====== Exercise material

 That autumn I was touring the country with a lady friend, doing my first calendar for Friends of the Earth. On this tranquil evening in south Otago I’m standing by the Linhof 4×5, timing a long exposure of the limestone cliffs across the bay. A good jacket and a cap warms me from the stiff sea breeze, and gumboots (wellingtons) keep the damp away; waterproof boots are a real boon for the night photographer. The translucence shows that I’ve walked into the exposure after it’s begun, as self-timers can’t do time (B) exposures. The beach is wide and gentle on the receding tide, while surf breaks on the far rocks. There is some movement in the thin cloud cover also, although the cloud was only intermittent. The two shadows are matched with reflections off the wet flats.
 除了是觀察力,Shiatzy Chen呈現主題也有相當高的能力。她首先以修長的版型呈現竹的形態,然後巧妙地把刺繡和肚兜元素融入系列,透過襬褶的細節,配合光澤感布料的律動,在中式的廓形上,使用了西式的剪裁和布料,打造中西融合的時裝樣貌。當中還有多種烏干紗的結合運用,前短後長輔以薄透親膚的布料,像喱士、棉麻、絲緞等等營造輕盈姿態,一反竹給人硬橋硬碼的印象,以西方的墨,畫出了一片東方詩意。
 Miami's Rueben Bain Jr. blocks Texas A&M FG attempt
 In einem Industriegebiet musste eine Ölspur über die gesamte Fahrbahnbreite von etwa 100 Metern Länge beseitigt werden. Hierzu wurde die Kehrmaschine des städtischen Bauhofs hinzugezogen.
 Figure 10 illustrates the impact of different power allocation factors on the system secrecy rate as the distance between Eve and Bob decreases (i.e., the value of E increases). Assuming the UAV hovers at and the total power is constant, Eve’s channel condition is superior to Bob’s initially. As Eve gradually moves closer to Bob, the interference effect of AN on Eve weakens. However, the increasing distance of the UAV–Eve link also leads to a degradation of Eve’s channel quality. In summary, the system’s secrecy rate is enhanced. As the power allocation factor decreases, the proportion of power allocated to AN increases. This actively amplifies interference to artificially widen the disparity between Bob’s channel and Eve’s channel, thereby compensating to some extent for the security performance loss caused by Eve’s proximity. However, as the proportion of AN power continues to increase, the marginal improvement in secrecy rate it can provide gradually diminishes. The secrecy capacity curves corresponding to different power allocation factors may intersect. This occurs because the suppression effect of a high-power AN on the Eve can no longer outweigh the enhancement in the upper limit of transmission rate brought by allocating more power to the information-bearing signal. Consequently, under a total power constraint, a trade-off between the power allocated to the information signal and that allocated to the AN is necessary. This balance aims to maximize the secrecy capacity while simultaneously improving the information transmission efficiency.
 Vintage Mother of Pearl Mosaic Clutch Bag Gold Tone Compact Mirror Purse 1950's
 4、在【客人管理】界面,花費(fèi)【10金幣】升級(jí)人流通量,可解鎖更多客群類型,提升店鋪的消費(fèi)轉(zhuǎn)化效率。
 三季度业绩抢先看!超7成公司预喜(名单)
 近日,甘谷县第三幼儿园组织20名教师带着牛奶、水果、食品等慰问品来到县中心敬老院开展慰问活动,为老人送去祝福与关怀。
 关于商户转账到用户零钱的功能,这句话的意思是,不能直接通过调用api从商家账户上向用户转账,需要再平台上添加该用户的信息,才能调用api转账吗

============

**Exercise description:** Nothing but the lines above from the one containing "Miami's Rueben Bain" through the one containing "In einem Industriegebiet" should appear in the answer, each repeated exactly.

**Solution for this exercise:**
 Miami's Rueben Bain Jr. blocks Texas A&M FG attempt
 In einem Industriegebiet musste eine Ölspur über die gesamte Fahrbahnbreite von etwa 100 Metern Länge beseitigt werden. Hierzu wurde die Kehrmaschine des städtischen Bauhofs hinzugezogen.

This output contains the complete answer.